Exemptions Are Commonly Relied Upon By Investment Advisers to Hedge Funds and Other Private Funds
Elimination of Exemptions
On January 26, 2011, the U.S. Commodity Futures Trading Commission (“CFTC”) proposed certain amendments to current CFTC rules, including the elimination of two widely used exemptions from commodity pool operator (“CPO”) registration. If adopted, the proposed amendments would have a significant impact on advisers to funds currently operated as “exempt commodity pools,” including many hedge funds.
The CFTC proposal seeks to eliminate Rule 4.13(a)(3) which currently exempts CPOs from registration if (i) the pool is engaged in a de minimus amount of commodity trading (no more than 5% of the liquidation value of the pool’s portfolio is used to establish commodity interest trading positions or the aggregate net notional value of such positions does not exceed 100% of the liquidation value of the pool’s portfolio), and (ii) the pool’s investors meet certain minimum qualification requirements. The proposed amendments also seek to eliminate Rule 4.13(a)(4), which exempts from registration CPOs where the only investors are (i) natural persons that are “qualified eligible persons” as defined under CFTC rules (these are generally natural persons that meet the qualified purchaser standard) and (ii) entities that are “qualified eligible persons” or accredited investors.
Under the proposed rule amendments Rule 4.14(a)(8)(i)(D) would also be eliminated. That rule currently exempts advisers from registration as commodity trading advisers (“CTA”) if they provide commodity trading advice solely to CPOs that are exempt from registration under Rule 4.13(a)(3) or Rule 4.13(a)(4).
If, as currently proposed, Rule 4.13(a)(3), Rule 4.13(a)(4) and Rule 4.14 (a)(8)(i)(D) are repealed, CPOs and CTAs who were previously exempt from registration in reliance on these exemptions will be required to register with the CFTC, become members of the National Futures Association and comply with certain disclosure and reporting requirements.
The CFTC has also proposed new reporting requirements for registered CPOs and registered CTAs.
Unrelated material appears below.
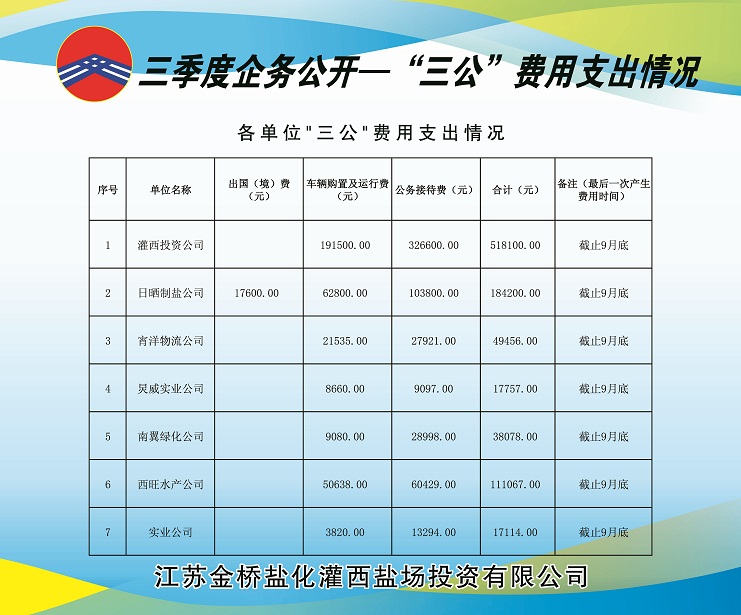 截至9月底,各單位三公費用支出情況如下:

CPOs and CTAs would be required to file quarterly reports on Form CPO-PQR and Form CTA-PR, respectively. These proposed reporting forms are similar to the Form PF proposed by the Securities and Exchange Commission (the “SEC”) to be used by private fund advisers that are subject to SEC oversight.
The reporting forms proposed by the CFTC and SEC are designed to be complementary and not duplicative. For managers registered with both the SEC and CFTC, filing Form PF would be deemed a filing with both the SEC and the CFTC. All private fund advisers required to file Form PF that are also registered CPOs would also be required to file quarterly only Schedule A of proposed Form CPO-PQR and those that are registered CTAs would also be required to file quarterly only Schedule A of Form CTA-PR.
The information required by Forms CPO-PQR and CTA-PR would be confidential (non-public) to the extent permitted under applicable law.
The CFTC is also proposing to: (i) amend Rule 4.7 (a “regulation light” rule for registered CTAs and CPOs whose only clients are “qualified eligible persons” as defined in Rule 4.7) to (a) require CPOs to include certified financial statements in annual reports to investors and (b) conform the CFTC definition of accredited investor to the changes adopted by the SEC; (ii) require all individuals and entities claiming exemption under Rules 4.5, 4.13 and 4.14 to reaffirm their claim of exemption on an annual basis; and (iii) amend the requirements for risk disclosure statements (for the particular cases in which such statements are in fact required to be provided) to include a description of certain risks specific to swap transactions.
The CFTC is currently seeking public comment on all of these proposed rule amendments.